My condolences, CT. And as for landing and writing, the act of doing it, of sticking to it, is inexplicably grounding. And we don't really have a choice, now do we?

I find some of the most important events in my life I still cannot write about. Not in the way I wish to. So I let them write me, when and how they see fit.

medieval woman said...

I'm very sorry you lost your grandmother, but I hope her passing was peaceful...

((CT))

Anonymous said...

CT, I am very sorry to hear the news about your grandmother. I know this hasn't been an easy time for you and I hope, most sincerely, that the process of writing (or maybe just the process of processing) lands you in an easier place some time soon.

Sending hugs.

French Fancy... said...

Goodness - I just left a message and it led to a Blogger error message. Let me try again...

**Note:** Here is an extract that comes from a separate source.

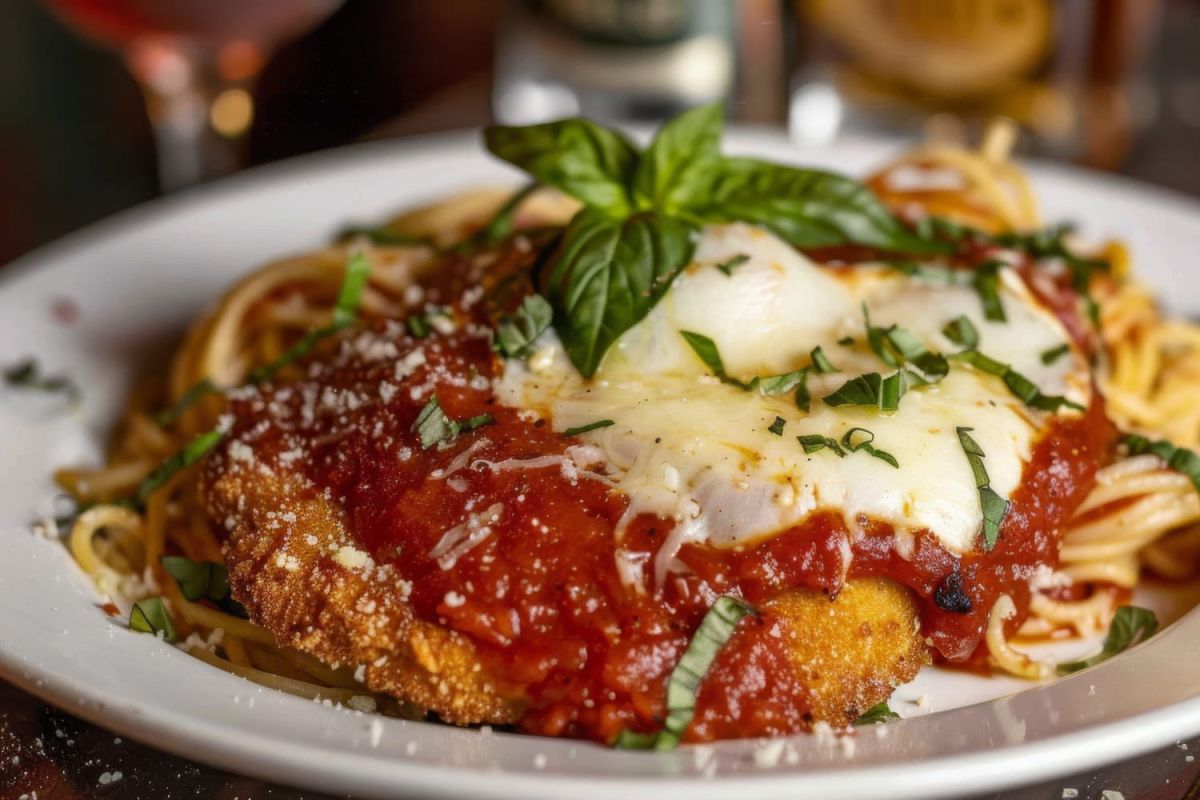 Une fois les aubergines pelées et essuyées, aplatissez-les doucement. Ensuite, panez-les en les trempant dans de la farine, des œufs battus, et de la chapelure avant de les dorer à la poêle dans un généreux filet d'huile de tournesol. En accompagnement, concoctez des linguine à la sauce tomate maison, réalisée en faisant réduire ail, oignon, pulpe de tomate et basilic pendant une heure.
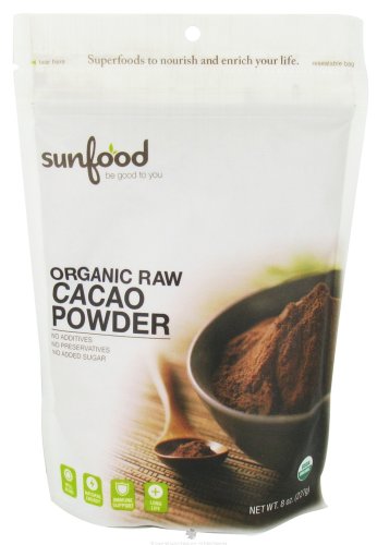 Sunfood Superfood Organic Raw Cacao Powder - 8 oz. (227 g) Sunfood Superfood Organic Raw Cacao Powder leads the superfood industry in quality, flavor, eco-packaging, and antioxidant value. Sunfood Superfood Organic Raw Cacao Powder is one of the most unique and beautiful chocolate products on Earth. Sunfood Superfood Organic Raw Cacao Powder is Certified Organic. Sunfood Superfood Organic Raw Cacao Powder is created from beautiful, clean, microbe-free 100% Arriba Nacional Fino de Aroma Pure Cacao Beans. What is Raw Organic Cacao Powder (Chocolate Powder)? All chocolate is made from Cacao Beans (also known as Cocoa Beans). Cacao is chocolate! All the antioxidant value, mineral benefits, neurotransmitter rejuvenating properties, and overall health-giving qualities of chocolate are found in raw Cacao Beans! Made from delicious, raw Arriba Nacional Fino de Aroma Ecuadorian cacao beans, Sunfoods raw and organic cacao powder is prepared by cold-pressing cacao beans to yield a decadent, antioxidant-rich powder and to seperate the oil from the fiber. The remaining dry 'cake-like' material is then cold-ground, fine-milled and sifted so that only the finest, most bio-available raw Cacao particles filter through into the finished product. Prepared below 120F and tested for accuracy, this low temperature process keeps vitamins, minerals and antioxidants intact, allowing you to experience luxurious taste with maximum digestion and absorption of nutrients. Most other cocoa powders are exposed to temperatures as high as 300 degrees Fahrenheit! A high-accuracy thermometer monitors the process. Cacao powder can be included in smoothies, desserts and chocolate candies to give you all of the healthy benefits of this powerful superfood.Sunfood Superfood Organic Raw Cacao Powder is processed in a state-of-the-art facility in Ecuador.

I am so sorry to read this. I remember that poignant photo of her hands and do hope you are going to be okay. I know you will be worried about everyone else at the moment but please take some time out for you

x

French Fancy... said...

Grrrr - they lied when they said it was an error

This Ro(a)mantic Life said...

Thanks, everyone, for the kind wishes. BLW, I like the idea of letting the events write me. I think that's the primary problem I've been up against with the thesis -- trying to make the events work for me when really I ought just to record them and see where they go. Easier said than done, of course.

My grandmother's passing was indeed peaceful, MW. Very thankful for that.

TKW said...

I'm sorry for the loss of your grandmother. I think Wolfie's words are very wise. ((you))

This Ro(a)mantic Life said...

Indeed, TKW, the Wolf is wise. Thanks for being there too.